BRIEF DESCRIPTION OF THE DRAWINGS

[0040] The drawings included in the present application are incorporated into, and form part of, the specification. They illustrate embodiments of the present invention and, along with the description, serve to explain the principles of the invention. The drawings are only illustrative of embodiments of the invention and do not limit the invention. Non-limiting and non-exhaustive embodiments of the present invention, including the preferred embodiment, are described with reference to the following figures, wherein like reference numerals refer to like parts throughout the various views unless otherwise specified. Illustrative embodiments of the invention are illustrated in the drawings, in which:

[0041] FIG. 1 illustrates one embodiment of a compression pump as disclosed herein.

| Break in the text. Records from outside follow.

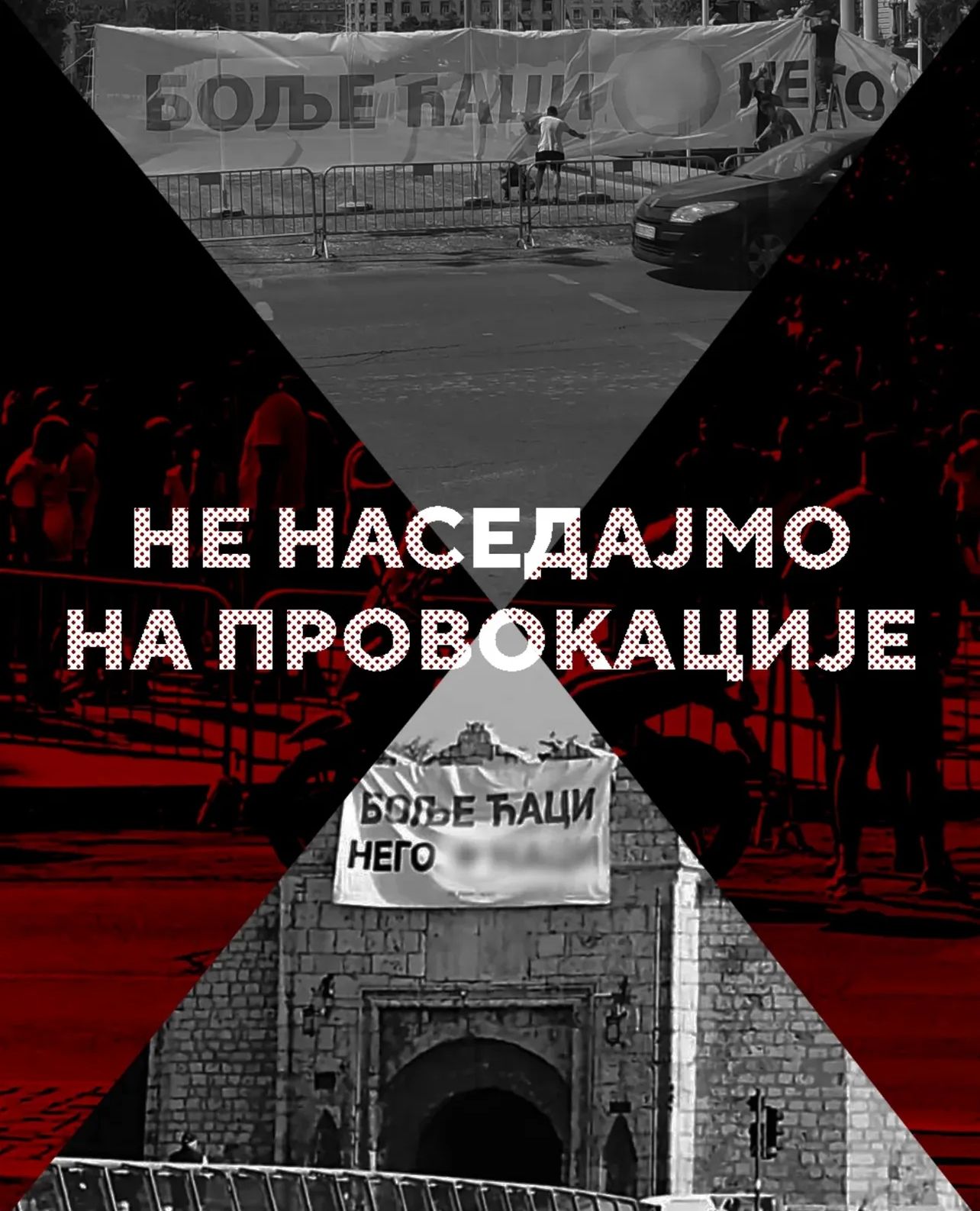 Podsetimo, danas je ispred Skupštime Srbije osvanuo baner sa porukom „Bolje Ćaci nego Naci“, uz kukasti krst.
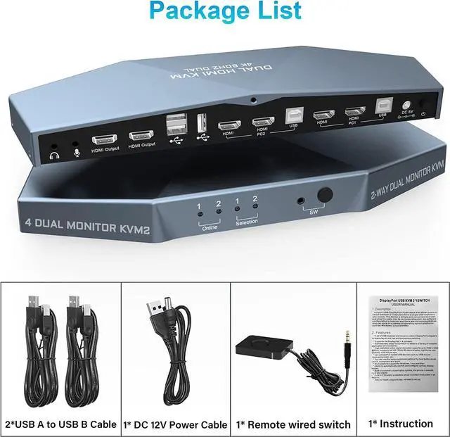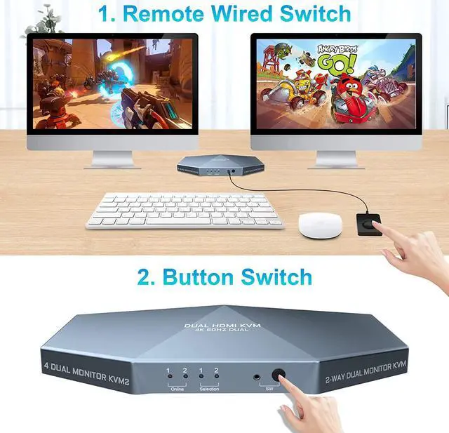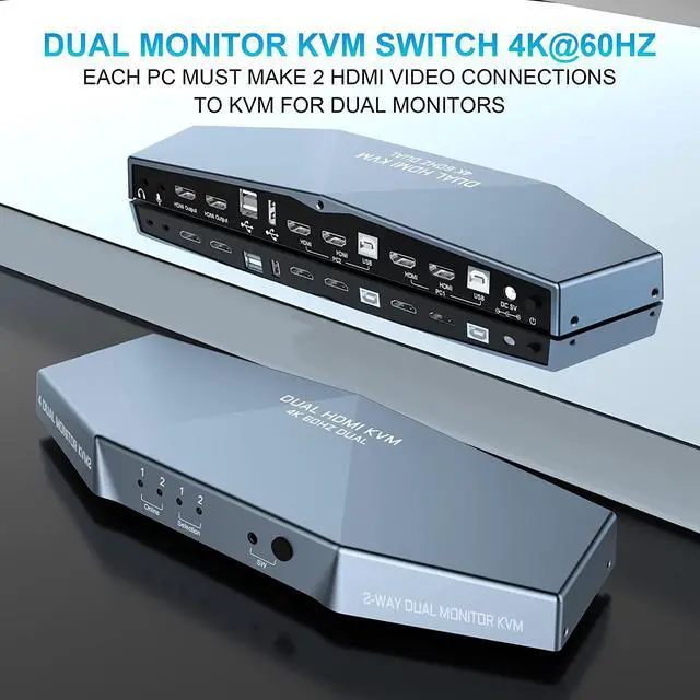 2 Port Dual Monitor KVM Switch HDMI 4K@60Hz
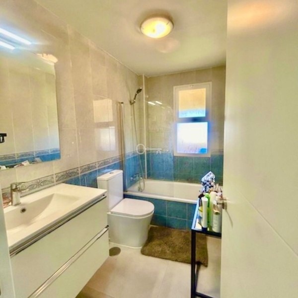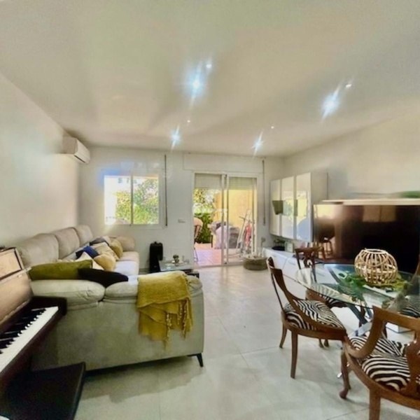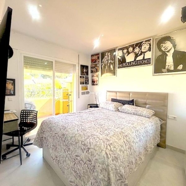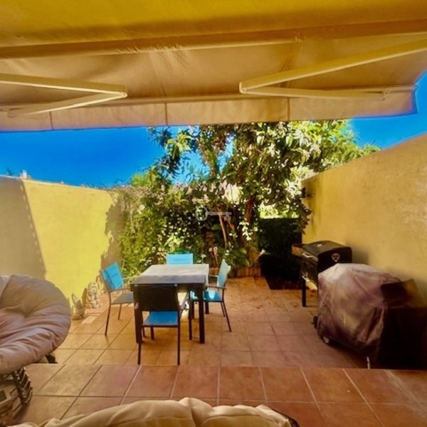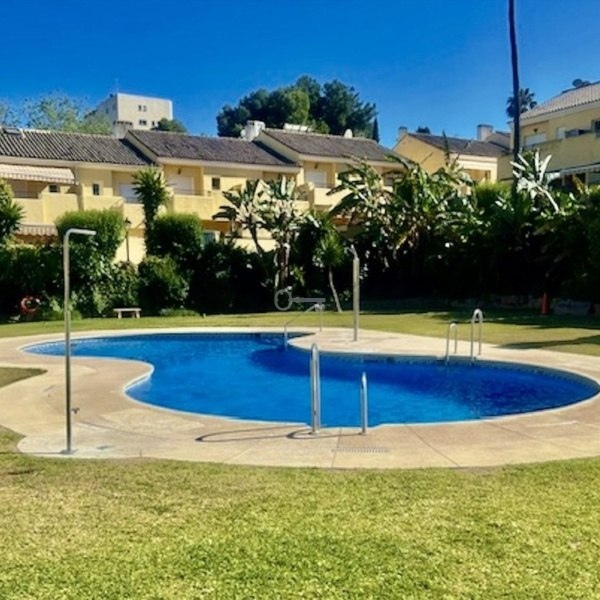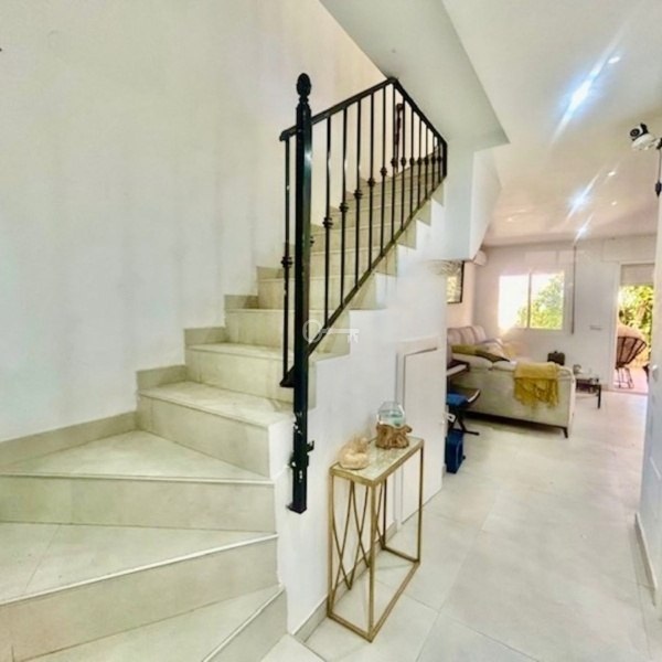 This partly renovated townhouse is situated in a tranquil enclosed urbanisation on the New Golden Mile. At the entrance of the property is a private terrace, entering the house you find a new modern kitchen with a hatch, guest toilet, dining and living room which opens to a good sized terrace with space for a dining table, a couple of sun beds and a bbq. From here is direct access to the pool and the communal gardens. On the upper level are three bedrooms whereas one is ensuite with its own balcony overlooking the pool. The second bedroom which enjoys beautiful mountain views share a full bathroom with the third bedroom. On the roof are solar panels making the electricity costs extremley low. There is the possibility to extend the living area building a basement, enlarge the kitchen and creating another floor on top of the existing upper level. This a an excellent opportunity to invest in a home which is perfect for all year or holiday living, with only a couple of minutes drive to Aldi supermarket and other services. A six minutes drive to the new Laguna Village luxury center, the beach and with easy road access going towards Málaga or Gibraltar!

[0042] FIG. 2 illustrates one embodiment of a compression pump as disclosed herein having overall dimensions (excluding flat base portion and controller) of 35 mm Width.times.200 mm Length.times.88 mm Height.

[0043] FIG. 3 illustrates one embodiment of a cam shape (isometric and top views)

[0044] FIG. 4 illustrates a phase 2 prototype of one embodiment of an external compression pump which is similar to FIG. 2.

[0045] FIG. 5 illustrates one embodiment of a motor having a shaft for driving the cam of the pump.

[0046] FIG. 6 illustrates three potential cam shapes for the pump.

[0047] FIGS. 7A&B illustrates graphical data of pressure and flow plated over a time interval for one of the three cam shapes in FIG. 6.

[0048] FIG. 8 illustrates graphical data of input pressure and output pressure.

[0049] FIGS. 9A&B illustrates graphical data of pressure from the pump.

[0050] FIG. 10 illustrates an in vitro circulation set up of the cavopulmonary assist device.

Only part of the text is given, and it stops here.